- TASK DESCRIPTION: Make an exact copy, without pictures, of the lines below from the one containing "趋势条件依然强劲,因为20周" to the last line, both ends included.

- GIVEN MATERIAL:
::::

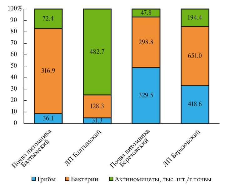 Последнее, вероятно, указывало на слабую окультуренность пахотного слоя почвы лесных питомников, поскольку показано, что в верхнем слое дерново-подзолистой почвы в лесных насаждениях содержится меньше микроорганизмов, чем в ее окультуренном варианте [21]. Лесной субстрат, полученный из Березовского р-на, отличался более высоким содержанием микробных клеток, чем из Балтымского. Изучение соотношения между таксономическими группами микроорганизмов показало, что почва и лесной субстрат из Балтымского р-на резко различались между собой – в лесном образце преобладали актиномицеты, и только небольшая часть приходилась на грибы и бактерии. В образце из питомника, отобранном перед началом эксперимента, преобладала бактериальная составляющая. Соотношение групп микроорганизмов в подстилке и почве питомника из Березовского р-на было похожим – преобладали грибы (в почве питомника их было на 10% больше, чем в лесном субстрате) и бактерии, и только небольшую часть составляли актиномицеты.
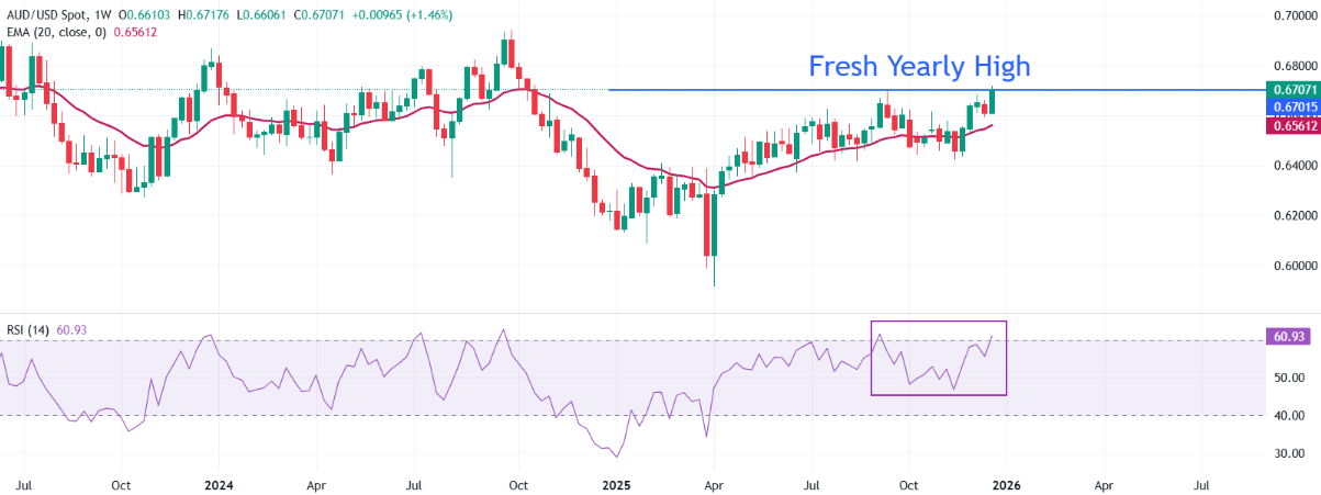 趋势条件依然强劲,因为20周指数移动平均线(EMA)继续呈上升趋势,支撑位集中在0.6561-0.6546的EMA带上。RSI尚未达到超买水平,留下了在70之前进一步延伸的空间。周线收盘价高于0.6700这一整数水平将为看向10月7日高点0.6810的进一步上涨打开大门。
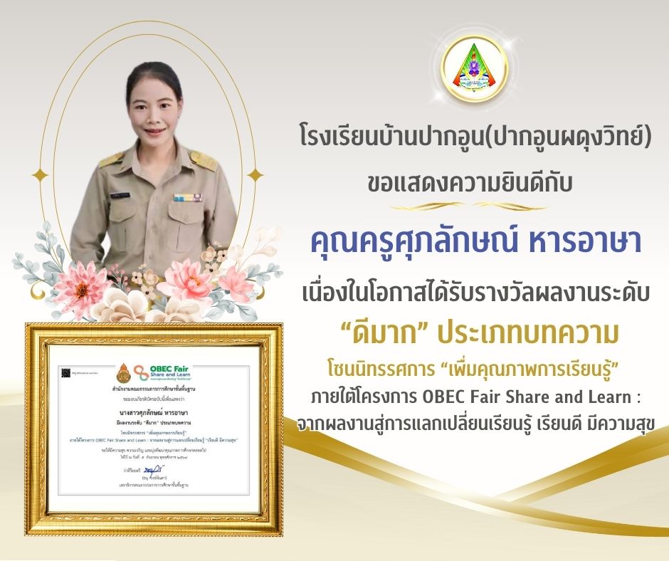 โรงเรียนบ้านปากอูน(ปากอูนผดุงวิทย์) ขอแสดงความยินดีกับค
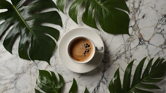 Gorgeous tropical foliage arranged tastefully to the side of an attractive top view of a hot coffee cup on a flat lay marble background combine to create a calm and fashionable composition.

::::

- SOLUTION TO THE PROBLEM:
 趋势条件依然强劲,因为20周指数移动平均线(EMA)继续呈上升趋势,支撑位集中在0.6561-0.6546的EMA带上。RSI尚未达到超买水平,留下了在70之前进一步延伸的空间。周线收盘价高于0.6700这一整数水平将为看向10月7日高点0.6810的进一步上涨打开大门。
 โรงเรียนบ้านปากอูน(ปากอูนผดุงวิทย์) ขอแสดงความยินดีกับค
 Gorgeous tropical foliage arranged tastefully to the side of an attractive top view of a hot coffee cup on a flat lay marble background combine to create a calm and fashionable composition.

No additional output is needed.